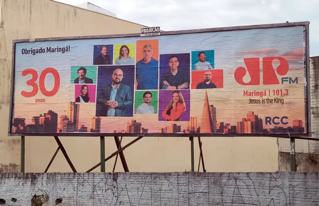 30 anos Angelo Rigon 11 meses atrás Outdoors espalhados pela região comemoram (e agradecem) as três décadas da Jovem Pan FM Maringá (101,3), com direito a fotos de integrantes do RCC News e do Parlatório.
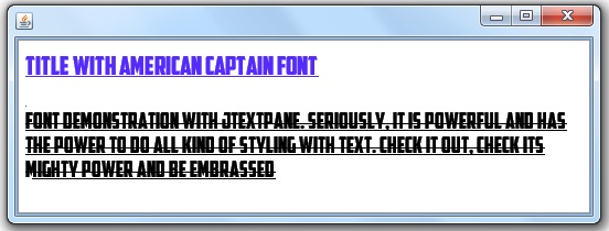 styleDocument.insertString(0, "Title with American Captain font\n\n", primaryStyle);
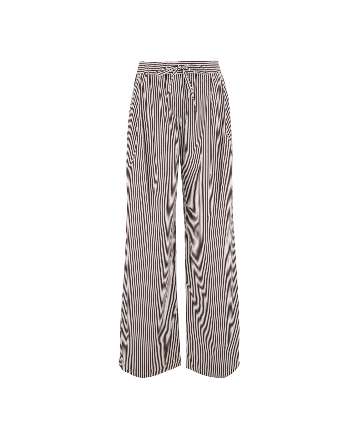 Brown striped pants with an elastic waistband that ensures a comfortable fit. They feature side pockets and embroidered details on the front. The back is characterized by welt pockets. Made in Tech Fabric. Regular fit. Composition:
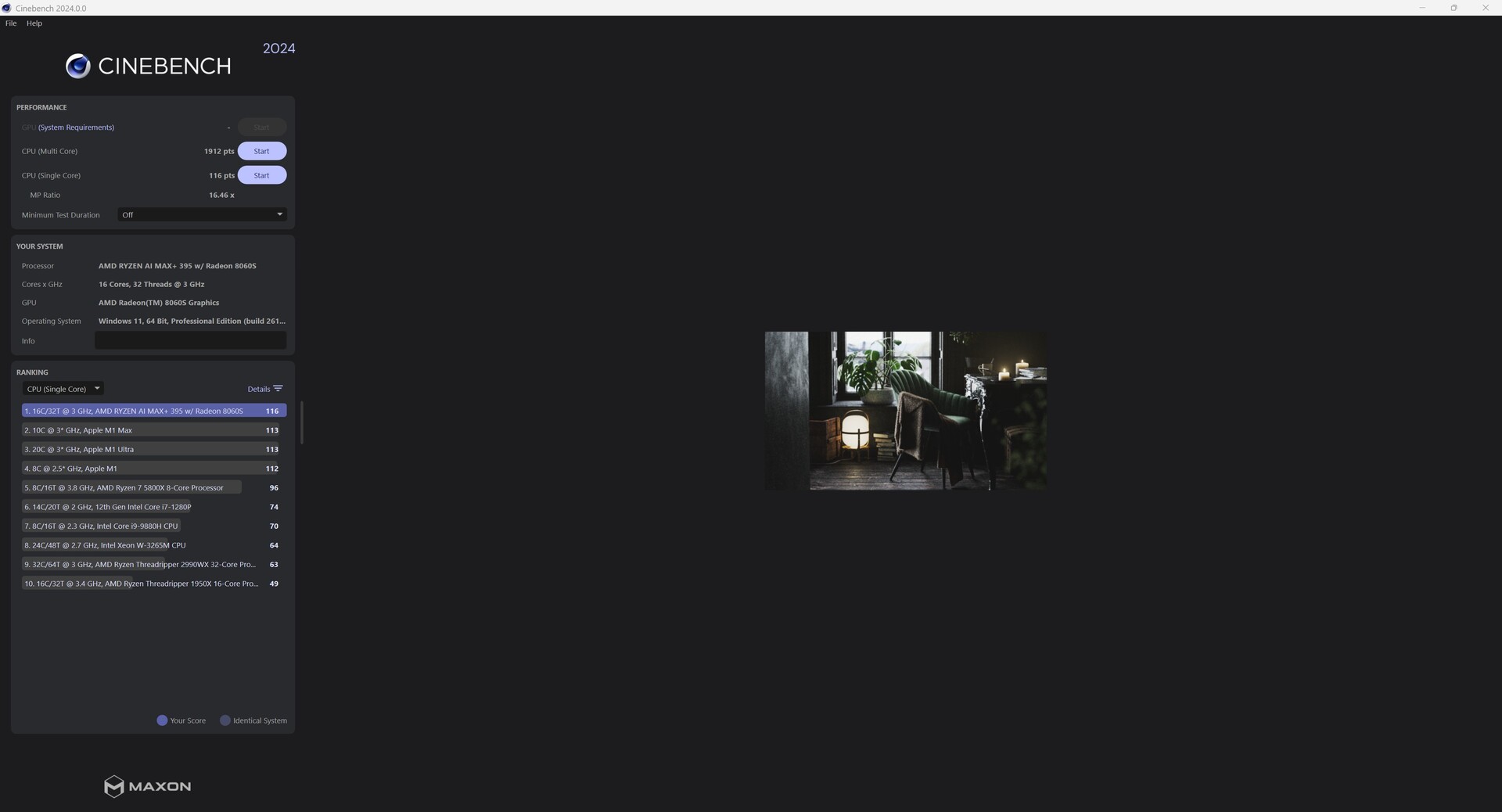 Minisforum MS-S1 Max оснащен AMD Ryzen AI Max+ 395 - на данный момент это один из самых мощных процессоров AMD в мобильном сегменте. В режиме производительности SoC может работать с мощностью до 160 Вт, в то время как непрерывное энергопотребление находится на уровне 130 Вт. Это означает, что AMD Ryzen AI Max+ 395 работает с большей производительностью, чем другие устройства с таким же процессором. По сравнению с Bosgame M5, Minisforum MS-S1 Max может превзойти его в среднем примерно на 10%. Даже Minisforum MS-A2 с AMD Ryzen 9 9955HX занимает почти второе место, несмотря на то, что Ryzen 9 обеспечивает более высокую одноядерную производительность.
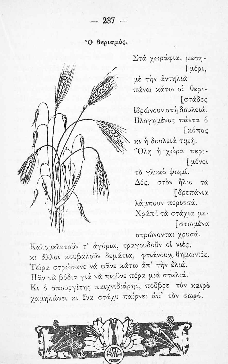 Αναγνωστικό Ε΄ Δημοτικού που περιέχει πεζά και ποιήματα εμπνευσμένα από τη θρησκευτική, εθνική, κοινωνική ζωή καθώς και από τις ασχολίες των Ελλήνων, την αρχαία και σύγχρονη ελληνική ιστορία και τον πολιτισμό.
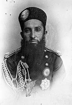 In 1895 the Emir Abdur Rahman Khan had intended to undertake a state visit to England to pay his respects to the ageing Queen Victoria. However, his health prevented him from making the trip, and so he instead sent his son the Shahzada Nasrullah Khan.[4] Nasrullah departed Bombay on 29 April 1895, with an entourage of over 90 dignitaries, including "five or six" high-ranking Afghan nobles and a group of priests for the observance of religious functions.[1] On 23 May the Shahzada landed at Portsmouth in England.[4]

* * *

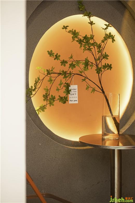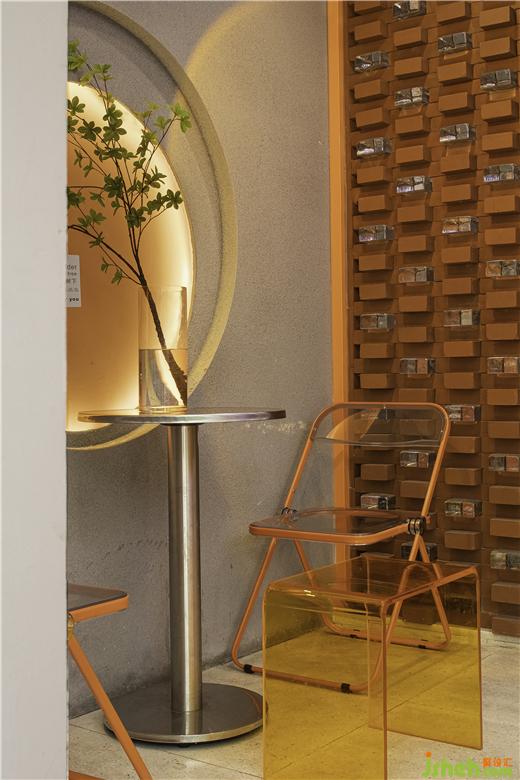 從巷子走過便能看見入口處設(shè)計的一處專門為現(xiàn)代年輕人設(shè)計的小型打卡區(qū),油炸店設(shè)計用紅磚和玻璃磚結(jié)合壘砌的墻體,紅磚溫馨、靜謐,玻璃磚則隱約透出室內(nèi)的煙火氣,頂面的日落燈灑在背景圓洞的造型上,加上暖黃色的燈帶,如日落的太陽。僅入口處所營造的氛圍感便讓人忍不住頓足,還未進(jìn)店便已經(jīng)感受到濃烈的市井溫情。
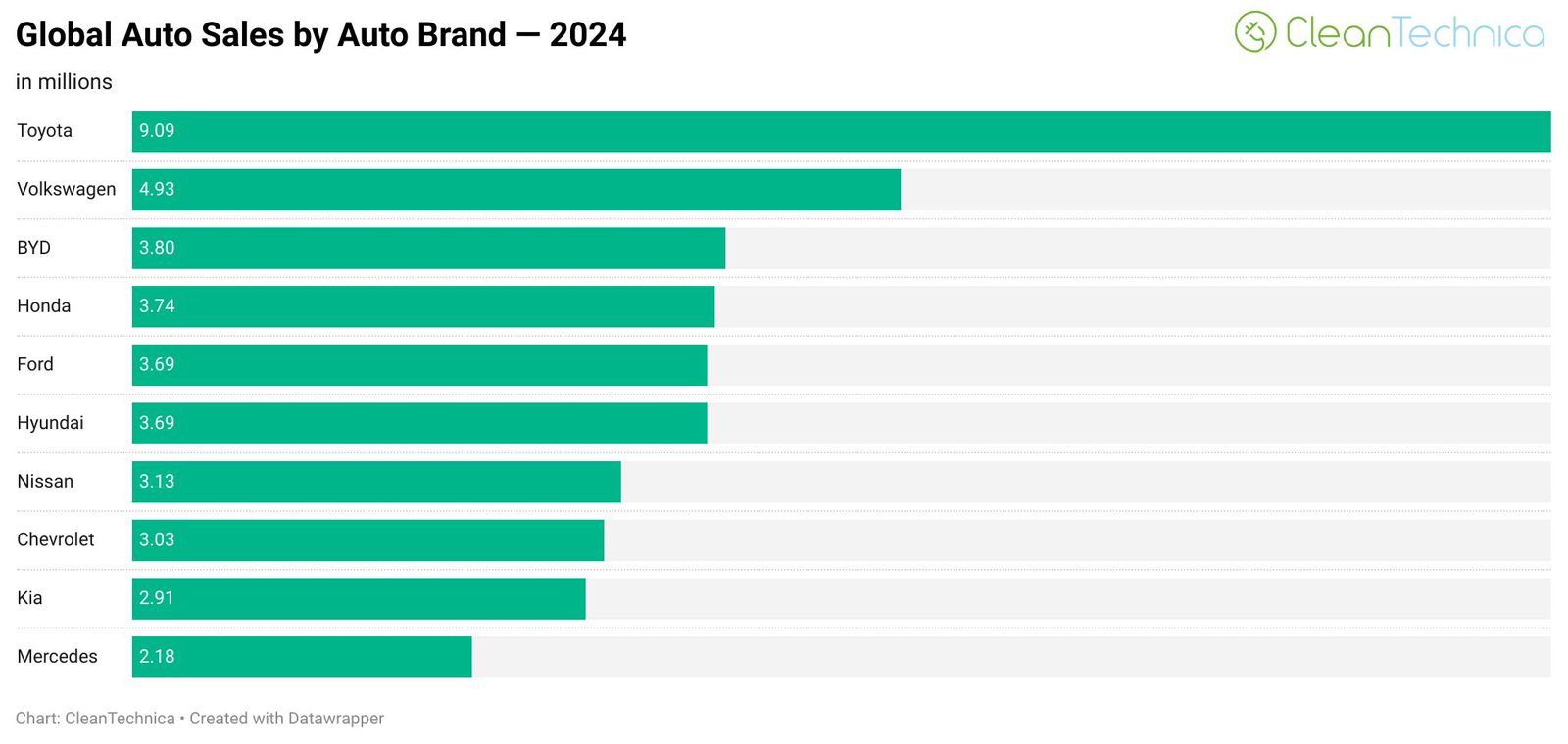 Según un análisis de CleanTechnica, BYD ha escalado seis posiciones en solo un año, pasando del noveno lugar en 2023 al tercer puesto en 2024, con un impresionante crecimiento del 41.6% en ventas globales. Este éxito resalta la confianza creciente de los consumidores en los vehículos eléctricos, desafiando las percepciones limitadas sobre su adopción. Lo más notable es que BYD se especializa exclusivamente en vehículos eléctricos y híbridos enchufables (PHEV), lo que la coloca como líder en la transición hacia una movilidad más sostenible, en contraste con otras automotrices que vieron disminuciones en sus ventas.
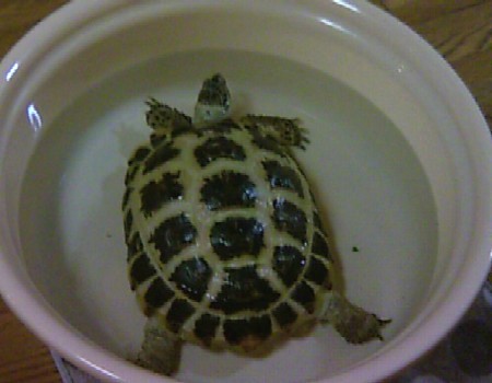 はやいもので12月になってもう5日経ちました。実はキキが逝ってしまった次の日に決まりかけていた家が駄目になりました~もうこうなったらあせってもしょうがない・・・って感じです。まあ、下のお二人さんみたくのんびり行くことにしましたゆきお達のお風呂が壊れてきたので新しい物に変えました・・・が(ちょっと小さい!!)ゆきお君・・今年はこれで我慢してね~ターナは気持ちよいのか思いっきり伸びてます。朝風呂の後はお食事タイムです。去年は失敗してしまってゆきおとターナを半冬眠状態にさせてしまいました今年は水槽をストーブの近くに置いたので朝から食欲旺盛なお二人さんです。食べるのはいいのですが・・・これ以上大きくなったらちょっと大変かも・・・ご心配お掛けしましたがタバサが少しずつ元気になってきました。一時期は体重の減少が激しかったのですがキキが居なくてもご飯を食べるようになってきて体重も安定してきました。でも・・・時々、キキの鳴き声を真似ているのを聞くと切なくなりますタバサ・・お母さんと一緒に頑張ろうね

Assignment :: Output exactly, and only, the lines of the entries above from the one with "with American Captain" up to and including the one with "Brown striped pants"; pictures are to be left out.

Your solution ::
 styleDocument.insertString(0, "Title with American Captain font\n\n", primaryStyle);
 Brown striped pants with an elastic waistband that ensures a comfortable fit. They feature side pockets and embroidered details on the front. The back is characterized by welt pockets. Made in Tech Fabric. Regular fit. Composition:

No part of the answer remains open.